— Кто тут скандалит? — ревели они. — Кто мешает выборам?
— Кто мешает выборам! Какое нахальство! — кричал тот горластый. — Товарищи, не отступайте! Их цель — не дать нам голосовать! Они боятся нас!
Началась свалка. Часть толпы отступила и ударилась в бегство. Остальные отбивали нападение банды погромщиков, ревевших:
— Бейте этих собак! Предатели!
Но это было нелегко сделать. Время от времени то один, то другой хватался за голову, окровавленными руками прокладывая себе дорогу в толпе и удирал.
Схватка продолжалась недолго, но после нее по всей улице виднелись капли крови: кровь на тротуарах, на земле…
На другой день общинный глашатай объявил под барабан результаты выборов: правительство получило полное большинство!
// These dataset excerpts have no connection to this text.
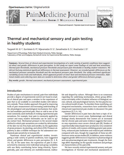 Thermal and mechanical sensory and pain testing in healthy students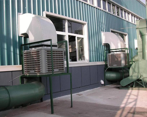 用循環(huán)水泵不間斷地把水箱內(nèi)的水抽出,并通過(guò)布水系統(tǒng)均勻地噴淋在蒸發(fā)過(guò)濾層上,室外熱空氣進(jìn)入蒸發(fā)降溫介質(zhì),在蒸發(fā)降溫介質(zhì)CELdek(特殊材料的蜂窩狀過(guò)濾層,讓降溫效果更理想,瑞典的高科技產(chǎn)品)內(nèi)與水充分進(jìn)行熱量交換,加水蒸發(fā)吸熱而降溫的清涼、清潔的空氣由低噪音風(fēng)機(jī)加壓送入室內(nèi),使室內(nèi)的熱空氣排到室外,從而達(dá)到室內(nèi)降溫的目的。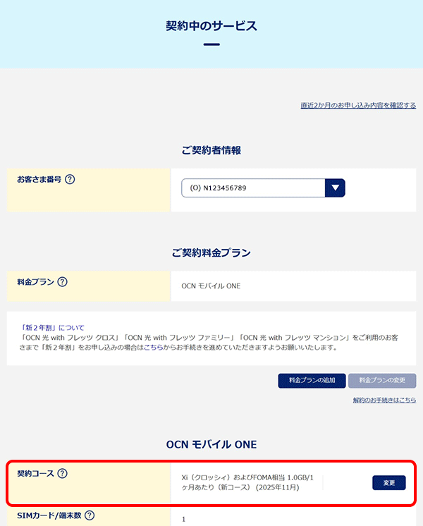 OCN モバイル ONEのご契約コースを確認する方法をご案内します。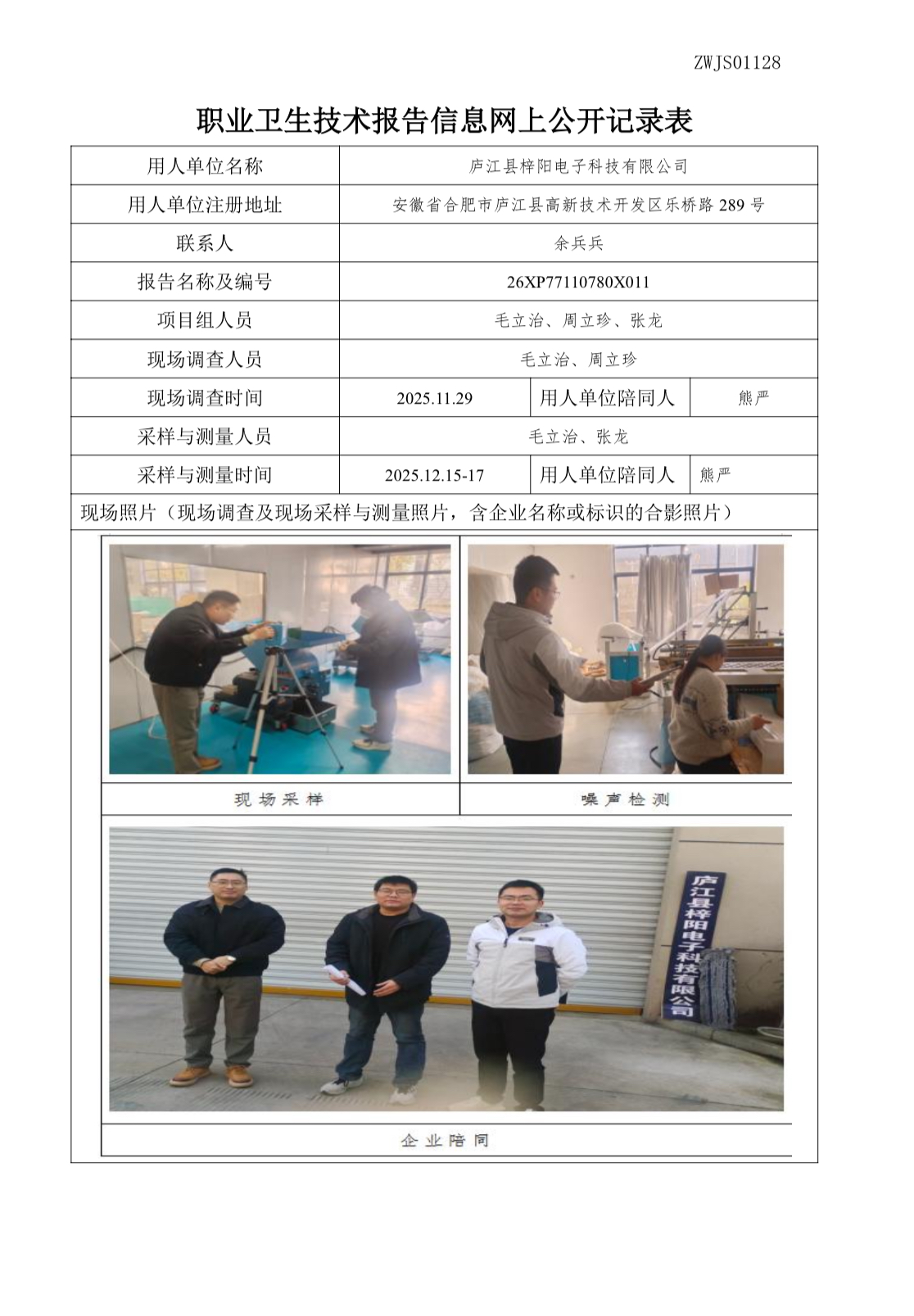 庐江县梓阳电子科技有限公司职业病危害现状评价报告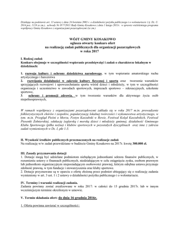 Działając na podstawie art. 13 ustawy z dnia 24 kwietnia 2003 r. o działalności pożytku publicznego i o wolontariacie ( tj. Dz. U. 2014 poz. 1118 ze zm.), uchwały Nr IV/7/2011 Rady Gminy Kosakowo z dnia 1 lutego 2011r. w sprawie wieloletniego programu współpracy Gminy Kosakowo z organizacjami pozarządowymi (ze zm.) WÓJT GMINY KOSAKOWO ogłasza otwarty konkurs ofert na realizację zadań publicznych dla organizacji pozarządowych w roku 2017 I. Rodzaj zadań Konkurs obejmuje w szczególności wspieranie przedsięwzięć i zadań o charakterze lokalnym w dziedzinach: 1. rozwoju kultury i ochrony dziedzictwa narodowego, w tym wspieranie amatorskiego ruchu artystycznego i harcerstwa 2. rozwijania działalności w zakresie kultury fizycznej i sportu oraz tworzenie warunków sprzyjających rozwojowi i upowszechnianiu sportu wśród dzieci i młodzieży, w tym w szczególności organizacja i uczestnictwo w zawodach sportowych, imprezach sportowo – rekreacyjnych, szkolenie sportowe, 3. ochrony i promocji zdrowia, w tym tworzenie warunków dla aktywnego życia osób niepełnosprawnych, W ramach współpracy z organizacjami pozarządowymi zakłada się w roku 2017 m.in. prowadzenie folklorystycznych chórów i zespołów, popularyzację lokalnej twórczości i wykonawstwa artystycznego, w tym. m.in. Przegląd Pieśni o Morzu, Festyn Kaszubski w Rewie, Festiwal Kolęd Kaszubskich, Festiwal Piosenki Żołnierskiej, edukację żeglarską i morską dzieci i młodzieży gminnej, działalność Gminnego Klubu Sportowego (piłka nożna) i klubów sportowych w pozostałych dyscyplinach oraz inne z zakresu zadań wymienionych w Dz. I, pkt 1-3. II. Wysokość środków publicznych przeznaczonych na realizacje zadań Na realizację w/w zadań przewidziano w budżecie Gminy Kosakowo na 2017r. kwotę 300.000 zł. III. Zasady przyznawania dotacji 1. Dotacje mogą być udzielane podmiotom niebędącym jednostkami sektora finansów publicznych, w rozumieniu ustawy o finansach publicznych, niedziałającym w celu osiągnięcia zysku, osobom prawnym lub jednostkom organizacyjnym nieposiadającym osobowości prawnej, którym odrębna ustawa przyznaje zdolność prawną, w tym fundacje i stowarzyszenia oraz kluby sportowe. 2. Dotacje przyznawane są w oparciu o ofertę złożoną przez podmiot ubiegający się o realizację zadania wymieniony w art. 3 ust. 1 i 2 ustawy o działalności pożytku publicznego i o wolontariacie. IV. Terminy i warunki realizacji zadania. Zadania powinny zostać zrealizowane w roku 2017: w całości do 15 grudnia 2017r. lub w innym wcześniejszym terminie określonym w umowie. V. Termin składania ofert: do dnia 16 grudnia 2016r. 1. Oferta powinna zawierać w szczególności:: 1) szczegółowy zakres rzeczowy zadania publicznego proponowanego do realizacji; 2) termin i miejsce realizacji zadania publicznego; 3) kalkulację przewidywanych kosztów realizacji zadania publicznego 4) informacje o wcześniejszej działalności organizacji pozarządowej lub podmiotów wymienionych w art. 3 ust. 3 ustawy o działalności pożytku publicznego i o wolontariacie 5) informację o posiadanych zasobach rzeczowych i kadrowych zapewniających wykonanie zadania publicznego oraz o planowanej wysokości środków finansowych na realizację danego zadania pochodzących z innych źródeł 6) deklarację o zamiarze odpłatnego lub nieodpłatnego wykonania zadania publicznego 2. Za ofertę spełniającą wymogi formalne uznaje się ofertę: 1/ złożoną na obowiązującym formularzu (załącznik Nr 1 do Rozporządzenia Ministra Rodziny, Pracy i Polityki Społecznej z dnia 17 sierpnia 2016 r. w sprawie wzorów ofert i ramowych wzorów umów dotyczących realizacji zadań publicznych oraz wzorów sprawozdań z wykonania tych zadań – Dz. U. z 2016 r. poz. 1300) i w terminie wskazanym w ogłoszeniu, 2/ podpisaną przez osoby uprawnione 3/ posiadającą wymagane załączniki (wymienione we wzorze oferty). 3. Wszystkie wymagane załączniki do oferty muszą być oryginałami lub kopiami poświadczonymi za zgodność z oryginałem. 4. Oferty dotyczące projektów, wykraczających poza zadania określone w ogłoszeniu o konkursie, nie będą rozpatrywane. Za poprawność złożonej oferty odpowiada składający. VI. Tryb i kryteria stosowane przy wyborze ofert oraz termin dokonania wyboru ofert 1. Złożone w otwartym konkursie oferty analizuje i ocenia powołana przez Wójta Gminy komisja konkursowa. W skład komisji wchodzą przedstawiciele organu wykonawczego Gminy (wójta) oraz przedstawiciele organizacji pozarządowych (reprezentanci sektora pozarządowego nie mogą brać udziału w posiedzeniu komisji, jeśli organizacja, którą reprezentują bierze udział w konkursie). Tryb powoływania i zasady działania komisji do opiniowania ofert w otwartych konkursach ofert określa uchwała Rady Gminy Kosakowo w sprawie wieloletniego programu współpracy Gminy Kosakowo z organizacjami pozarządowymi. Komisja przedstawia Wójtowi propozycję podziału środków finansowych na poszczególne zadania wynikające z ofert. 2. Wójt, biorąc pod uwagę rekomendację komisji konkursowej oraz wysokość środków przeznaczonych w budżecie na dotacje dla organizacji pozarządowych w danym roku, zatwierdza do realizacji najkorzystniejsze oferty. Po zatwierdzeniu przez Wójta wybór ofert jest ostateczny. 3. Organ administracji publicznej przy rozpatrywaniu ofert: 1) ocenia możliwość realizacji zadania publicznego 2) ocenia przedstawiona kalkulacje kosztów realizacji zadania publicznego 3) przy wspieraniu wykonania zadania publicznego uwzględnia planowany przez organizację udział środków finansowych własnych oraz pochodzących z innych źródeł 4) uwzględnia planowany wkład rzeczowy 5) uwzględnia analizę i ocenę realizacji zleconych zadań publicznych przez organizację pozarządową lub podmiot wymieniony w art. 3 ust. 3 ustawy o działalności pożytku publicznego i o wolontariacie w latach poprz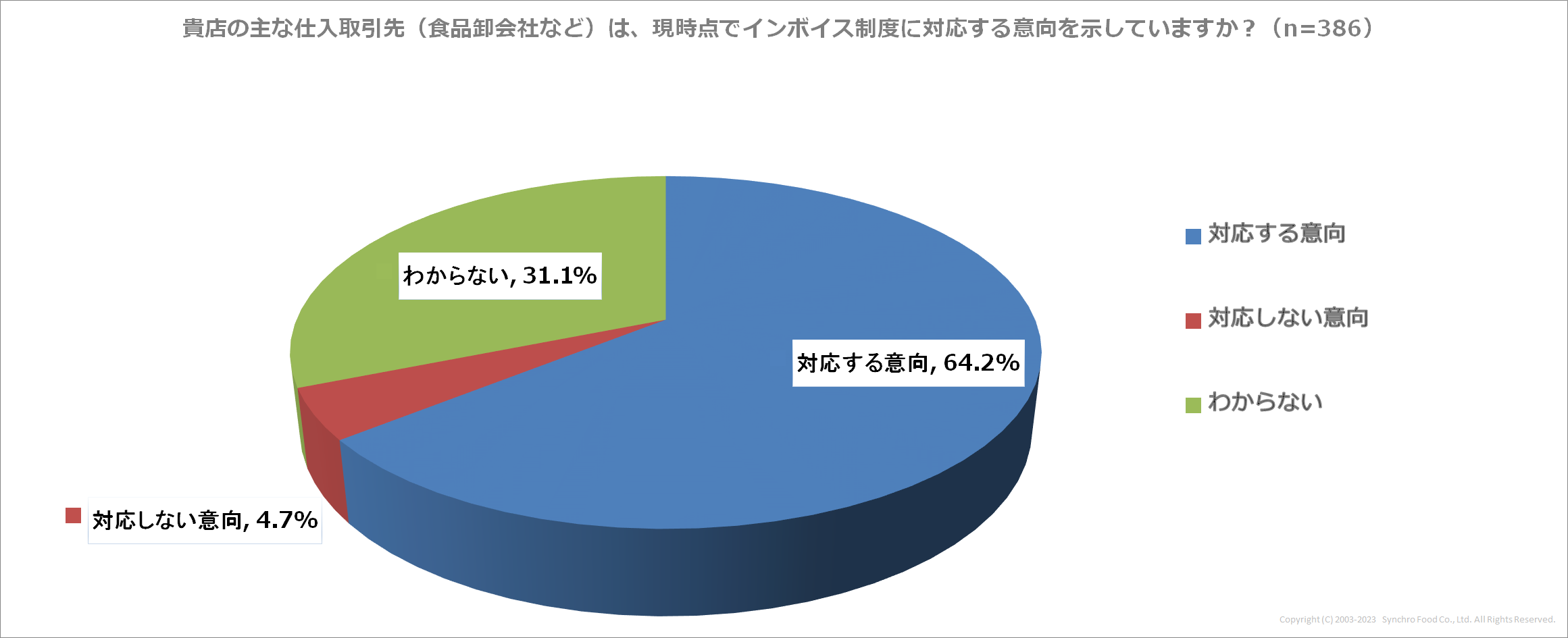 続いて、食品卸会社など主な仕入取引先がインボイス制度への対応意向を示しているか質問をしました。すると、64.2%が「対応する意向」と回答。一方で、「わからない」とする店舗も31.1%見られ、取引先の対応状況を確認できていない店舗も一定数いることが明らかとなりました。

Выборы прошли тихо и мирно, без инцидентов, закончил глашатай.
Однако он не упомянул, что был выбран и один социал-демократ.
НЕОЖИДАННАЯ РАДОСТЬ
Меня встретила хозяйка.
— К тебе гости, — сказала она. — Уже полчаса, как ждут…
— Гости? — Я старался разглядеть двоих мужчин, стоящих в дверях.
— Смотри ты, как он вырос! — сказал старший, обращаясь ко мне, и прибавил тихонечко: — Милко, ты меня не узнаешь?
Я не верил своим глазам: дедушка Продан и дядя Вангел!
Дедушка Продан будто бы спокойно поцеловал меня в щеку, но я почувствовал, как меня обожгла его слеза.
— Учишься? Мы едва тебя нашли. Спрашивали в школе. Ох, как ты вырос!
Он без причины смеялся, просто от радости.
Когда они приехали? Что будут делать в Болгарии?
Дедушка Продан сел на край постели, дядя Вангел сначала стоял, потом осторожно присел на деревянный сундучок Христоско.
Через отворенную дверь лился яркий свет, и лица обоих мужчин казались бронзовыми.
Зачем они приехали в Болгарию? Да ведь они переселенцы и больше уже не вернутся в Турцию.
Рассказ дедушки Продана был на редкость грустным.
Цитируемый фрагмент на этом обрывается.